The following tests can be performed:

  • Blood test to check for anemia.
  • Stool sample to identify any parasites.
  • Erythrocyte sedimentation rate (ESR) test, to identify problems with the immune system.
  • Thyroid function test to assess for an overactive thyroid, known as hyperthyroidism, or hypothyroidism, an underactive thyroid.
  • Liver function tests, in case there are liver problems.
  • Factors that may worsen the existing urticaria include:
    • Alcohol.
    • Caffeine intake.
    • Mental health issues, such as stress.

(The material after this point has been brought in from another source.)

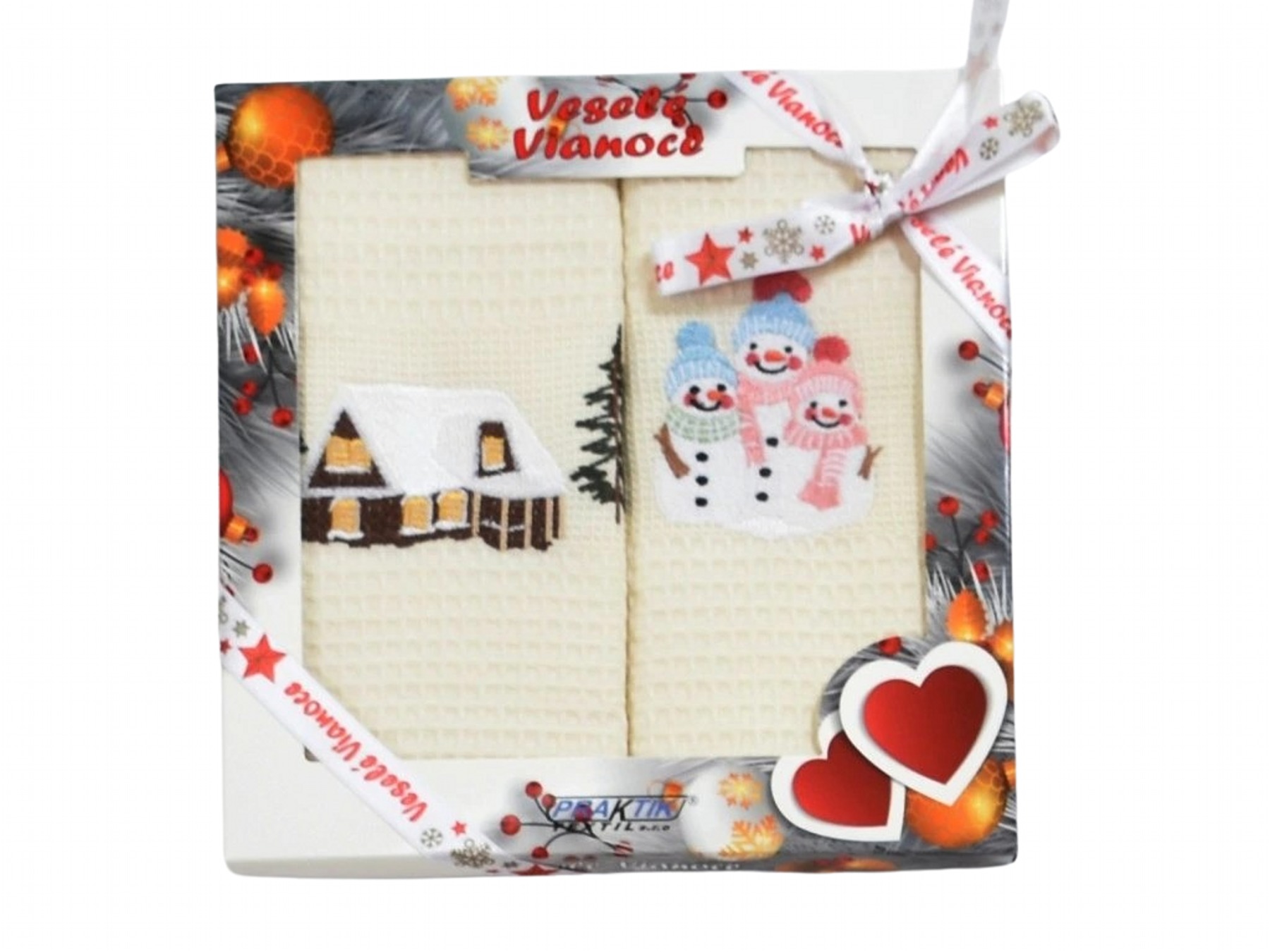 Vánoční dárková sada utěrek 50x70 Sněhuláci a domeček 2 ks
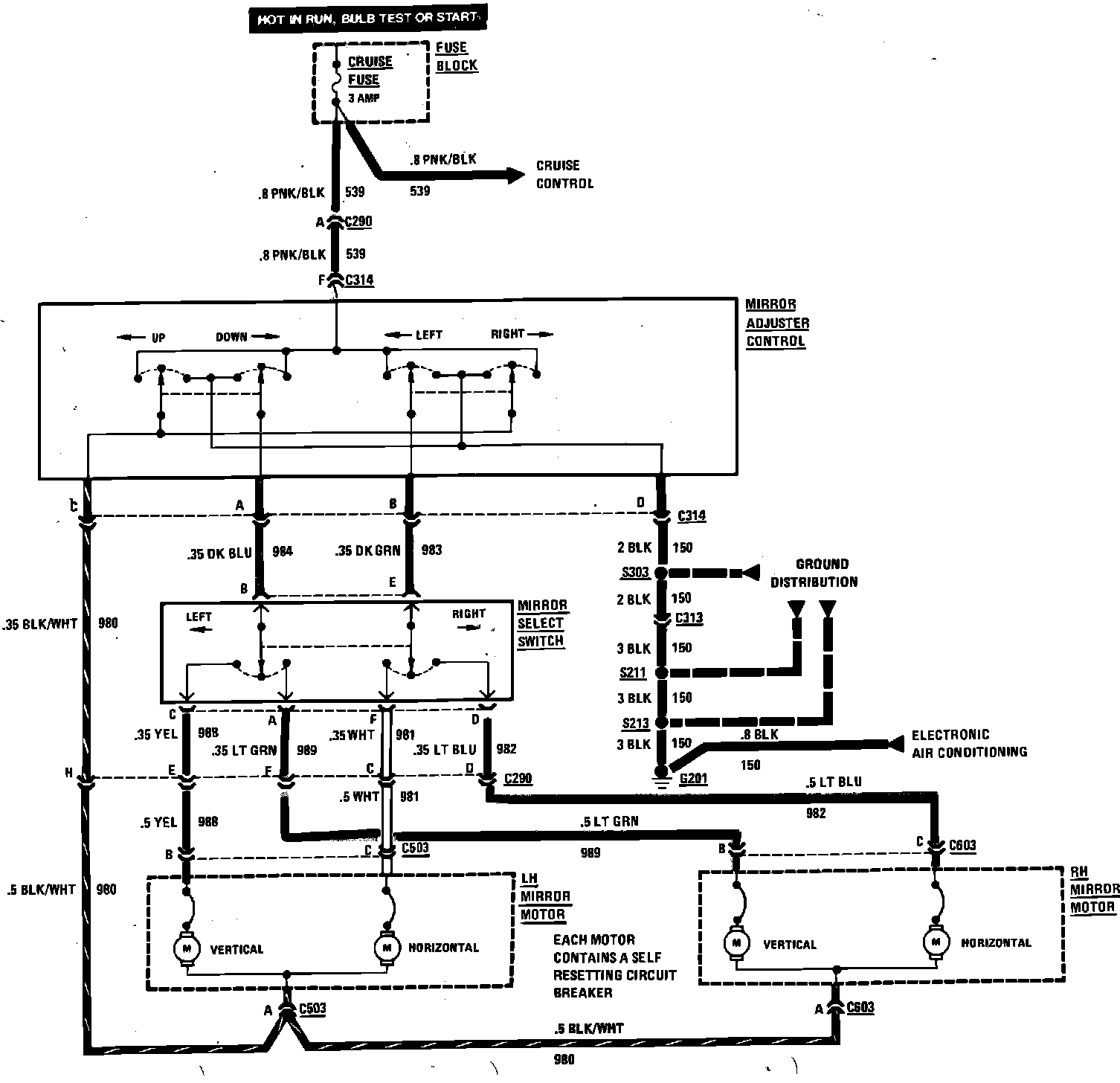 Power Mirrors Wiring Circuit.:

Patients usually use a combination of lifestyle changes and medications. Sometimes, alternate therapies like homeopathy, acupuncture and Ayurvedic treatments are recommended. Antihistamines, such as cetirizine or fexofenadine, help by blocking the effects of histamines and reducing the rash and stopping the itching.


Acute Hives:

  • Non sedating antihistamines, such as cetirizine or fexofenadine, help by blocking the effects of histamine and reducing the rash and stopping the itching.
  • Various antihistamines can be purchased in pharmacies or online.
  • Some antihistamines cause drowsiness, especially if the user also consumes alcohol. Some are not suitable during pregnancy unless prescribed by a doctor.
  • If the patient experiences swelling of the tongue or lips, or if breathing becomes difficult, the doctor may prescribe an epinephrine auto-injector, for example, EpiPen, in case of emergencies.

Chronic Hives:

  • Antibiotics, for example, Dapsone, can reduce redness and swelling.
  • Omalizumab, or Xolair, is an injectable drug that blocks immunoglobulin E, a substance that plays a role in allergic responses. It can reduce symptoms of chronic idiopathic urticaria, a type of hives of unknown origin that can last for months or years.
  • Those with severe symptoms may need to see a specialist.
  • Acupuncture may help treat hives, but needs more research.